::: DATA BELOW :::
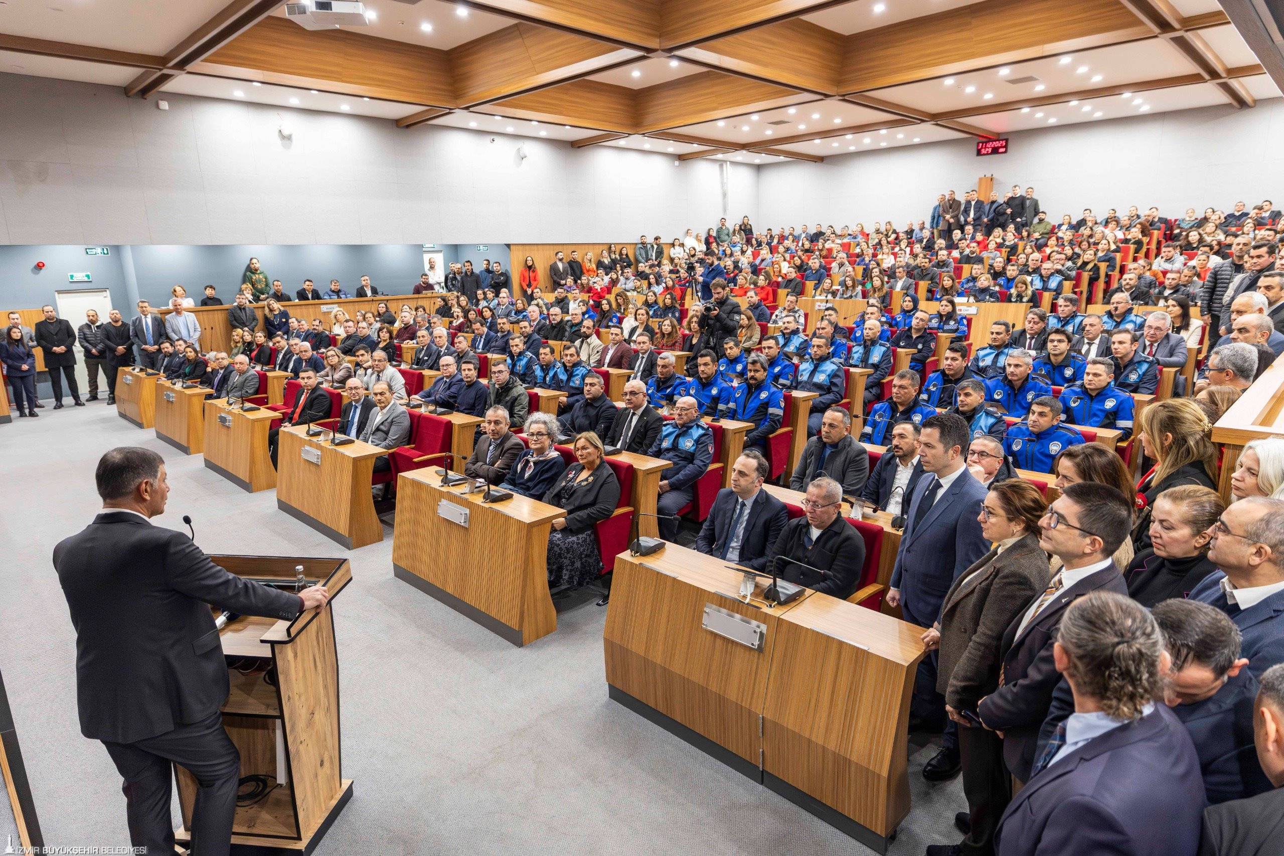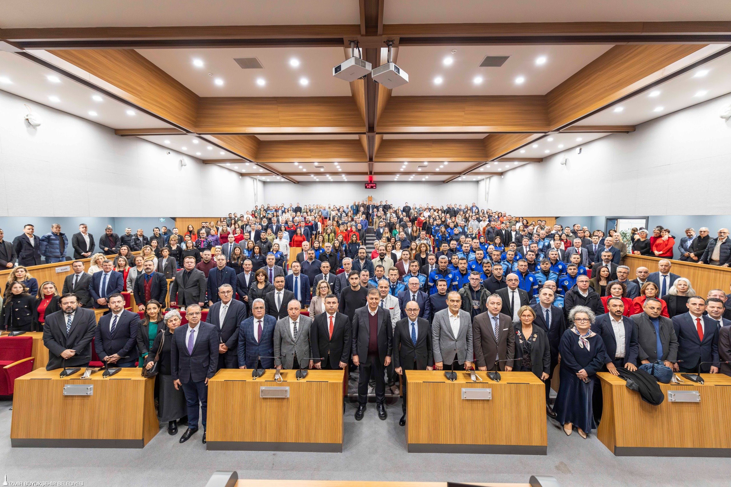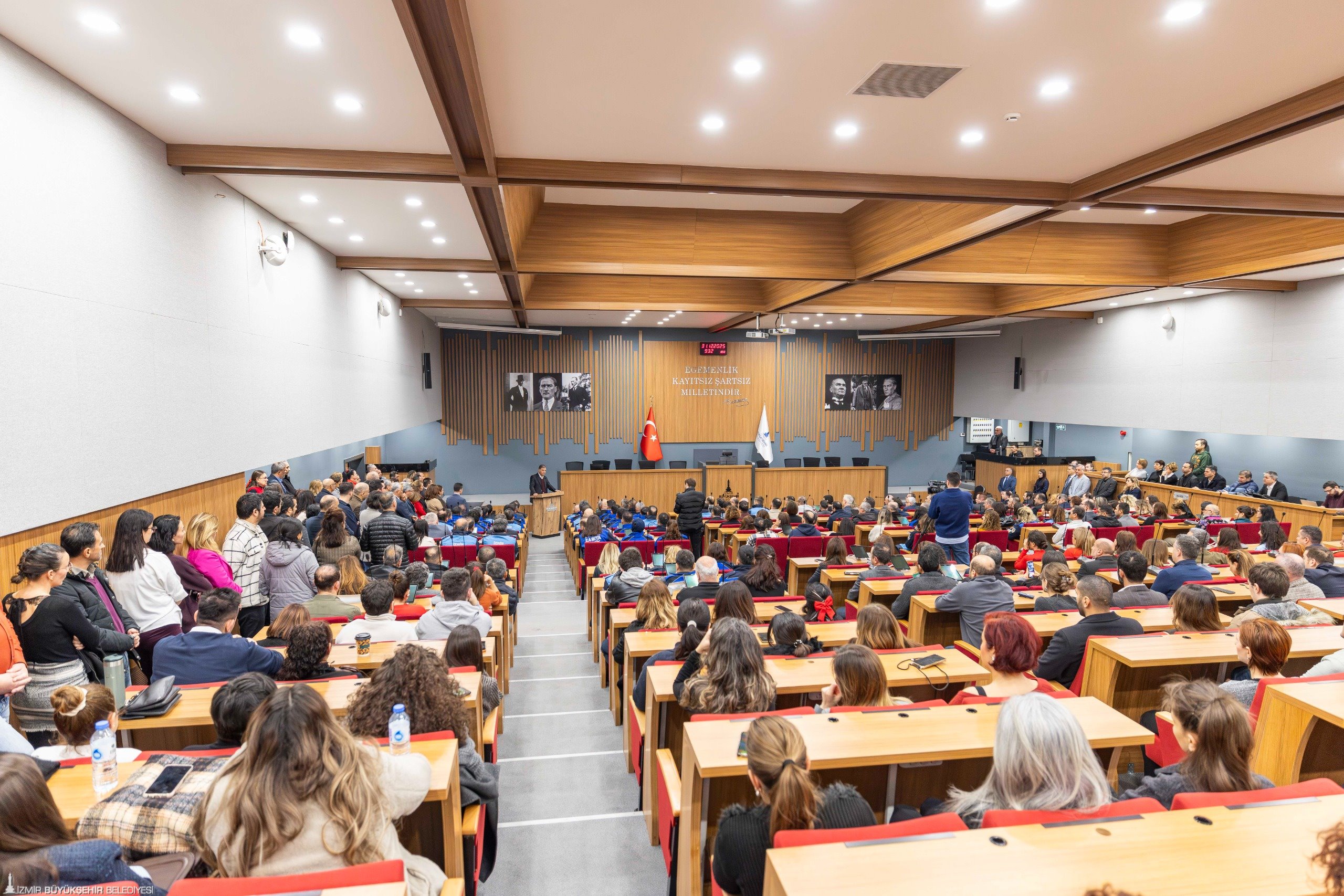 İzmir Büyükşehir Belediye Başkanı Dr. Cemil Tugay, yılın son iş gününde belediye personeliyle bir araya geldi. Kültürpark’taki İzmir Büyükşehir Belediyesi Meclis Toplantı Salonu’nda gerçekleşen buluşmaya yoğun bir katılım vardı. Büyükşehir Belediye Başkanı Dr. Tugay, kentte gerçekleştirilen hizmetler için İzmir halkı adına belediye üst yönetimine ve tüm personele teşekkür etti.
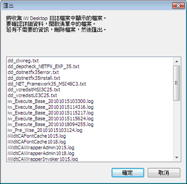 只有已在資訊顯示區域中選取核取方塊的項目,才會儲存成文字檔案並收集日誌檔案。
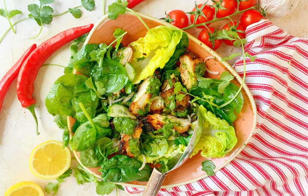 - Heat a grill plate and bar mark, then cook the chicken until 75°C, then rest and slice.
:::
_WHAT TO WORK ON_:
Please output all of the data exactly as given, omitting any images it holds.

_RESPONSE AREA_:
 İzmir Büyükşehir Belediye Başkanı Dr. Cemil Tugay, yılın son iş gününde belediye personeliyle bir araya geldi. Kültürpark’taki İzmir Büyükşehir Belediyesi Meclis Toplantı Salonu’nda gerçekleşen buluşmaya yoğun bir katılım vardı. Büyükşehir Belediye Başkanı Dr. Tugay, kentte gerçekleştirilen hizmetler için İzmir halkı adına belediye üst yönetimine ve tüm personele teşekkür etti.
 只有已在資訊顯示區域中選取核取方塊的項目,才會儲存成文字檔案並收集日誌檔案。
 - Heat a grill plate and bar mark, then cook the chicken until 75°C, then rest and slice.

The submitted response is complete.